▸ What to work on: Restate each line of the listing exactly, without carrying over any pictures.

▸ Dataset excerpt:
/---
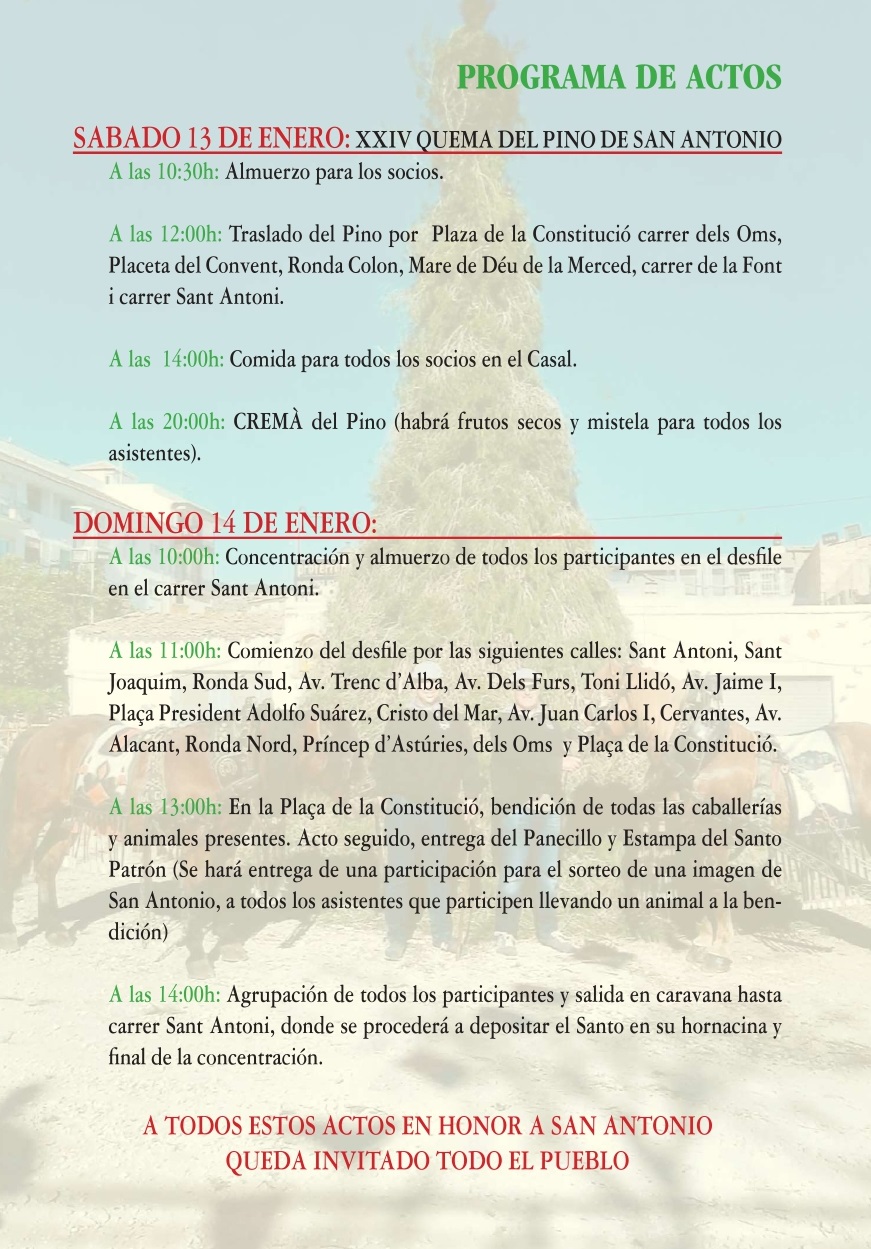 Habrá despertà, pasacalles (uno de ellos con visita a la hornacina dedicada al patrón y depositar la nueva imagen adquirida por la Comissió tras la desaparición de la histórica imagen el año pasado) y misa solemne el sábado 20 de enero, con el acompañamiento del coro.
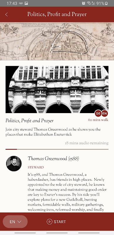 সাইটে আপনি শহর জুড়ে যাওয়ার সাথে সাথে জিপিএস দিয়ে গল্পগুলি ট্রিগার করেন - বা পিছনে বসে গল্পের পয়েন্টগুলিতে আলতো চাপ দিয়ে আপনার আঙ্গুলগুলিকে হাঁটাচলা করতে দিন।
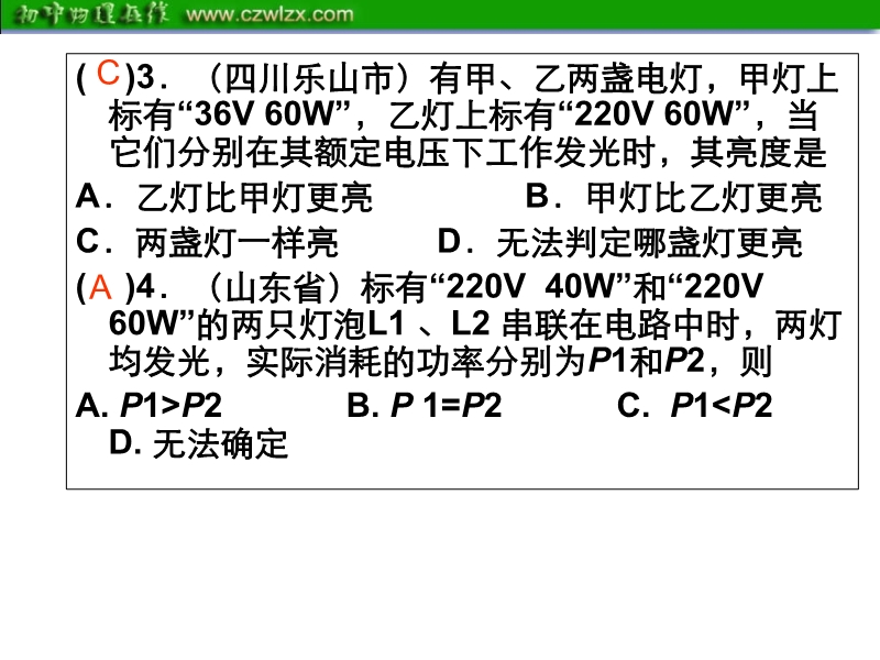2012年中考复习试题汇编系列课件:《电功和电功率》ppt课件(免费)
\---
▸ Problem solution:
 Habrá despertà, pasacalles (uno de ellos con visita a la hornacina dedicada al patrón y depositar la nueva imagen adquirida por la Comissió tras la desaparición de la histórica imagen el año pasado) y misa solemne el sábado 20 de enero, con el acompañamiento del coro.
 সাইটে আপনি শহর জুড়ে যাওয়ার সাথে সাথে জিপিএস দিয়ে গল্পগুলি ট্রিগার করেন - বা পিছনে বসে গল্পের পয়েন্টগুলিতে আলতো চাপ দিয়ে আপনার আঙ্গুলগুলিকে হাঁটাচলা করতে দিন।
2012年中考复习试题汇编系列课件:《电功和电功率》ppt课件(免费)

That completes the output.